Column names with additional names for smaller periods.

Examples

>>> expand_periodic_column_names(['id', 'report_year'])
['id', 'report_year', 'report_quarter', 'report_month', 'report_date']
exception pudl.metadata.helpers.AggregationError[source]

Bases: ValueError

Error raised by aggregation functions.

pudl.metadata.helpers.most_frequent(x: pandas.Series) Any[source]

Return most frequent value (or error if none exists).

pudl.metadata.helpers.most_and_more_frequent(x: pandas.Series, min_frequency: float = None) Any[source]

Return most frequent value if more frequent than minimum (or error if none exists).

The minimum frequency ignores null values, so for example, 1 in [1, 1, 1, nan] has a frequency of 1.

pudl.metadata.helpers.unique(x: pandas.Series) Any[source]

Return single unique value (or error if none exists).

pudl.metadata.helpers.as_dict(x: pandas.Series) Dict[Any, list][source]

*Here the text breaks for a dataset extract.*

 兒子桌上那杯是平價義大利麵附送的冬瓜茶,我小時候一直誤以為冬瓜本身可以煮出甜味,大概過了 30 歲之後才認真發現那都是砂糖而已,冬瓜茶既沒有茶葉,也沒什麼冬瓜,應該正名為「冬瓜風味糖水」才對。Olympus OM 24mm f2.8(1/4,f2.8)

Return dictionary of values, listed by index.

pudl.metadata.helpers.try_aggfunc(func: Callable, raised: bool = True, error: Union[str, Callable] = None) Callable[source]

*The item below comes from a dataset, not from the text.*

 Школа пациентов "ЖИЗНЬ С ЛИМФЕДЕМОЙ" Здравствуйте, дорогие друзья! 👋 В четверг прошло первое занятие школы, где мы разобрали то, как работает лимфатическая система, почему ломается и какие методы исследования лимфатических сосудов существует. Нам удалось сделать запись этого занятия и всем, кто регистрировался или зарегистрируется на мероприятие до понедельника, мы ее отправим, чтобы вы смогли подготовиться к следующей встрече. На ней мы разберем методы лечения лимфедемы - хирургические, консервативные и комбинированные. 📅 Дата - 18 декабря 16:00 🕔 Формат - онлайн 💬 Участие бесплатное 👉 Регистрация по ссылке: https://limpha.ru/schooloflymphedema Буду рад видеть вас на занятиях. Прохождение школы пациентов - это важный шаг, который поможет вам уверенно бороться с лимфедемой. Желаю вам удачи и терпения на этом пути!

Wrap aggregate function in a try-except for error handling.

Parameters
  • func – Aggregate function.

  • raised – Whether AggregationError errors are raised or returned.

  • error

    Error value, whose type and format depends on raise. Below, x is the original input and e is the original error.

    • raised=True: A string with substitions (e.g. ‘Error at {x.name}: {e}’) that replaces the arguments of the original error. By default, the original error is raised unchanged.

    • raised=False: A function with signature f(x, e) returning a value that replaces the arguments of the original error. By default, the original error is returned unchanged.

Returns

Aggregate function with custom error handling.

Examples

>>> x = pd.Series([0, 0, 1, 1], index=['a', 'a', 'a', 'b'])
>>> most_frequent(x)
Traceback (most recent call last):
AggregationError: No value is most frequent.
>>> try_aggfunc(most_frequent, raised=False)(x)
AggregationError('No value is most frequent.')
>>> try_aggfunc(most_frequent, error='Bad dtype {x.dtype}')(x)
Traceback (most recent call last):
AggregationError: Bad dtype int64
>>> error = lambda x, e: as_dict(x)
>>> try_aggfunc(most_frequent, raised=False, error=error)(x)
AggregationError({'a': [0, 0, 1], 'b': [1]})
pudl.metadata.helpers.groupby_apply(df: pandas.DataFrame, by: Iterable, aggfuncs: Dict[Any, Callable], raised: bool = True, error: Callable = None) Tuple[pandas.DataFrame, Dict[Any, pandas.Series]][source]

Aggregate dataframe and capture errors (using apply).

Parameters
  • df – Dataframe to aggregate.

  • by – Columns names to use to group rows (see pandas.DataFrame.groupby()).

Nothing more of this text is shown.